* **PROVIDED MATERIAL**:
+ + + + +
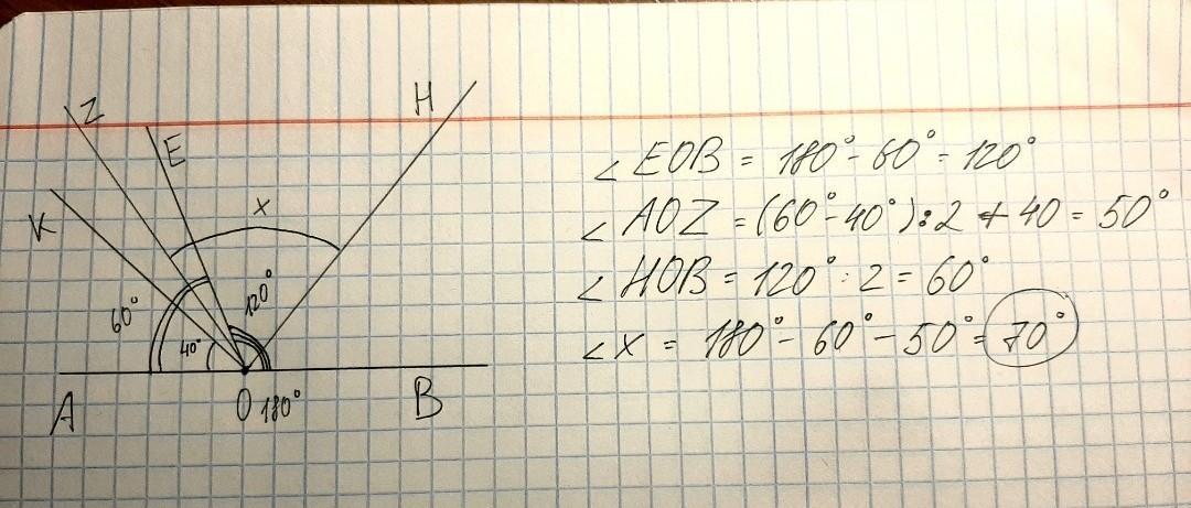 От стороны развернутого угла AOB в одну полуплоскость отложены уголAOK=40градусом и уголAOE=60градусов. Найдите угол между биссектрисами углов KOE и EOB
+ + + + +
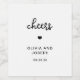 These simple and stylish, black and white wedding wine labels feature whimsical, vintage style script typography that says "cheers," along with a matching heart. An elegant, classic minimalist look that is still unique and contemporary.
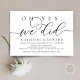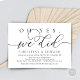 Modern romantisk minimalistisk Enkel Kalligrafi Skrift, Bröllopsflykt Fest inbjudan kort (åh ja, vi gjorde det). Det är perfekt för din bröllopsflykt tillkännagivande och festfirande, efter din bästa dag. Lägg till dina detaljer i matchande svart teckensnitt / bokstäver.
+ + + + +
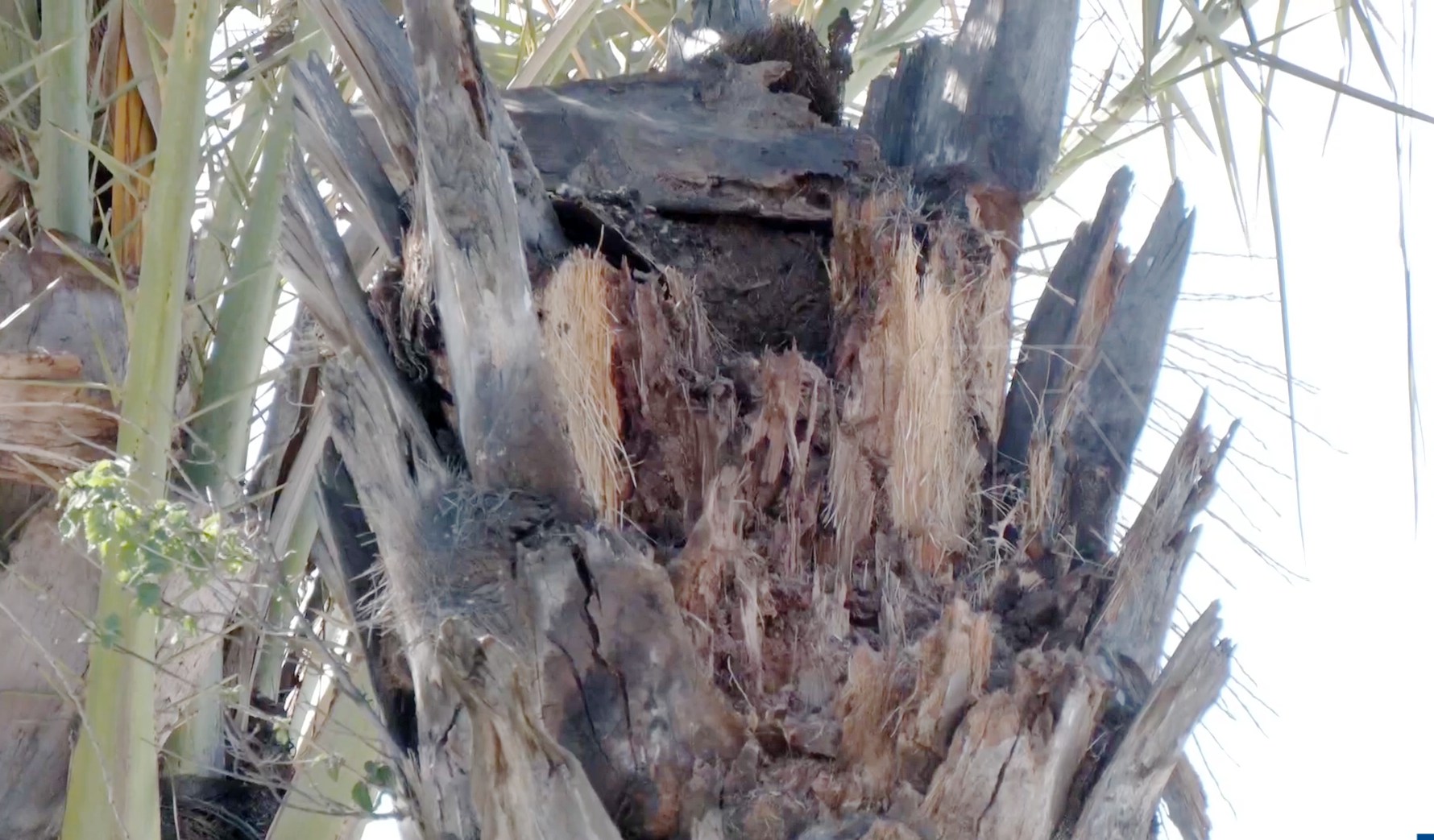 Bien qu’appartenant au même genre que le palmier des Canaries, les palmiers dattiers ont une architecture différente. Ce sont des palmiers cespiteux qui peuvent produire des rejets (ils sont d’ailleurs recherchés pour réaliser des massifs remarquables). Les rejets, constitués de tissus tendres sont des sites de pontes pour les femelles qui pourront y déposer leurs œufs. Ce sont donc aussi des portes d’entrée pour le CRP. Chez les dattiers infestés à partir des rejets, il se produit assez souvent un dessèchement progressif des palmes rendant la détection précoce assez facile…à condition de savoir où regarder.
+ + + + +
* **ASSIGNED TASK**: From the records above, copy exactly the lines starting at the one with "These simple and" and ending at the one with "Modern romantisk minimalistisk", and no others. Pictures stay out.

* **OUTPUT**:
 These simple and stylish, black and white wedding wine labels feature whimsical, vintage style script typography that says "cheers," along with a matching heart. An elegant, classic minimalist look that is still unique and contemporary.
 Modern romantisk minimalistisk Enkel Kalligrafi Skrift, Bröllopsflykt Fest inbjudan kort (åh ja, vi gjorde det). Det är perfekt för din bröllopsflykt tillkännagivande och festfirande, efter din bästa dag. Lägg till dina detaljer i matchande svart teckensnitt / bokstäver.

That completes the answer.